At the moment, the AtriCure system has FDA approval only for cardiac tissue removal or ablation, not for treatment of any particular disease. It puts AtriCure in a straitjacket when talking about the system, unable to discuss atrial fibrillation in its marketing or in training programs for doctors.

“I’m sure they’ve got the promotional stuff prepared for their website and are ready to turn it on,” said John Lewis, chief operating officer of BioOhio, a nonprofit booster group for the state’s technology industry.

AtriCure’s system, which uses radio frequency energy to destroy tissue, includes clamps, a radiofrequency generator and related switchbox.

The 200-employee AtriCure, which posted total revenue last year of $59 million, received European Union approval to market the system for atrial fibrillation in 2006.

David Drachman, CEO of the company, said an approval would “mark a new era of expansion and growth for AtriCure.”

The day after the AtriCure recommendation, the FDA panel recommended against atrial fibrillation approval for a catheter-based device by Medtronic Inc., a competing, Minneapolis-based firm, saying that its safety risks might outweigh its benefits.

Atrial fibrillation, which affects 2 million people in the United States, can lead to problems such as congestive heart failure and stroke. It’s often linked to typical cardiac risk factors such as hypertension and diabetes.

Success in this case could be pivotal for AtriCure, said Matthew Dolan, a senior research analyst at Roth Capital Partners, an investment-banking firm based in Newport Beach, Calif.
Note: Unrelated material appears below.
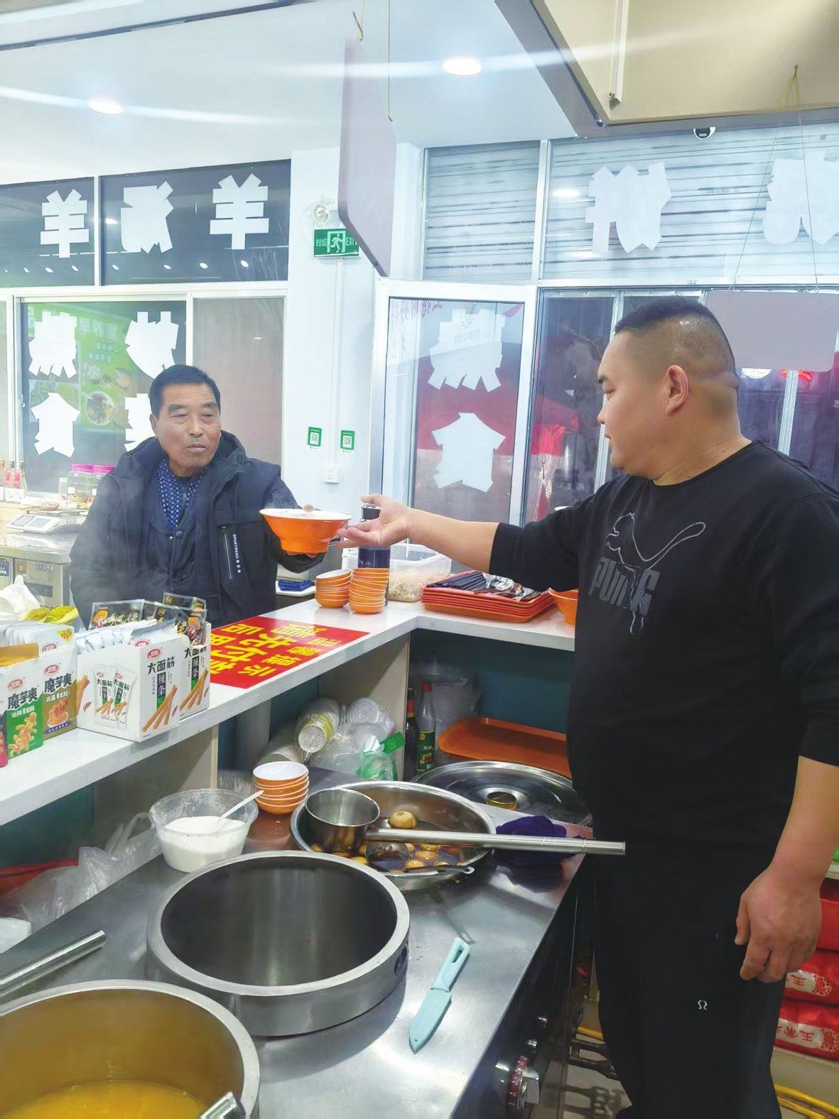 陈亮(右)的快餐店让众多打工者吃上热乎乎的早餐

“The perception out there is that what they’ve accomplished with the FDA would be one of the variables that would attract an acquirer,” he said. “Within the next 12 to 18 months, that’s a real possibility.”

Dolan rates the stock, which closed at $10.14 on Nov. 30 following a 52-week range of $8.44 to $14.84, as a “buy.” Current weakness is in large part because of overall market conditions, he said.
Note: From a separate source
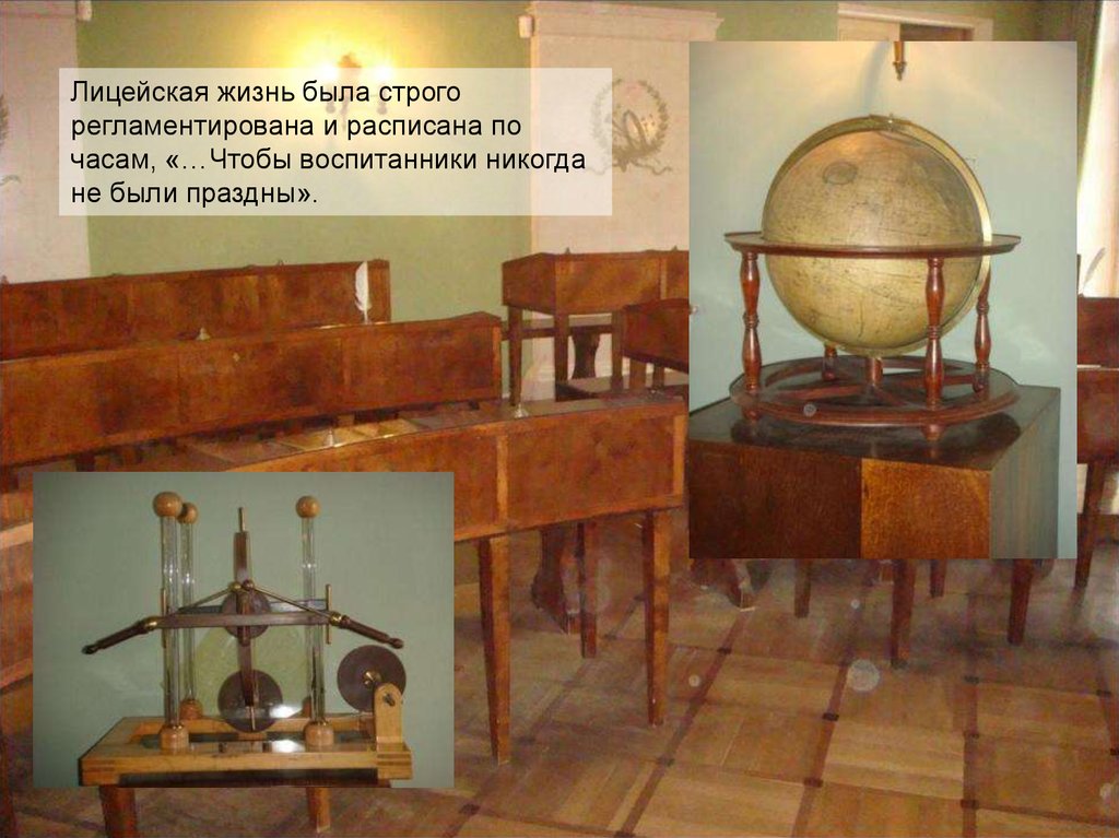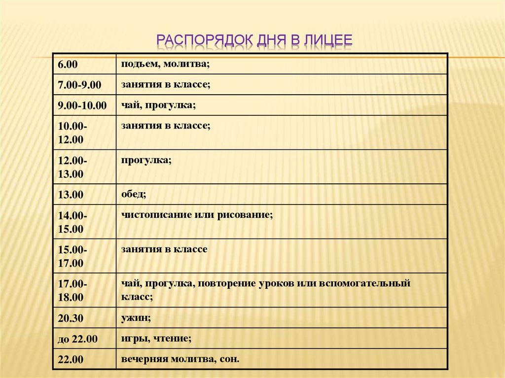 Принятый в Лицее режим дня был тщательно продуман.Одиннадцатимесячный учебный год прерывался лишь в июле,

AtriCure started in 2000 and went public five years later via a $50 million IPO. The company is looking to raise money, with plans to present at several venture capital events over the next two months.

For patients with persistent cases of atrial fibrillation, the approval that AtriCure is seeking would cover use of its system during open-heart surgery for other problems.
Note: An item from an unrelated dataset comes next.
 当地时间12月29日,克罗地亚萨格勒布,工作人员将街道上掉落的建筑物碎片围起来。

Piton said the system targets a $250 million opportunity in the United States, most of which is untapped. AtriCure generated $29 million in open-heart revenue last year, about 45 percent of the existing market.

U.S. surgeons who treat atrial fibrillation with the AtriCure system at present must use it “off-label.”

“If there are no approved devices, you use what’s available,” said Venkat Rajan, a research analyst specializing in medical devices for Frost & Sullivan, a research and consulting firm based in Palo Alto, Calif. “If there’s a system out there with a specific atrial fibrillation indication, then to mitigate risks on your part, you would prefer that.”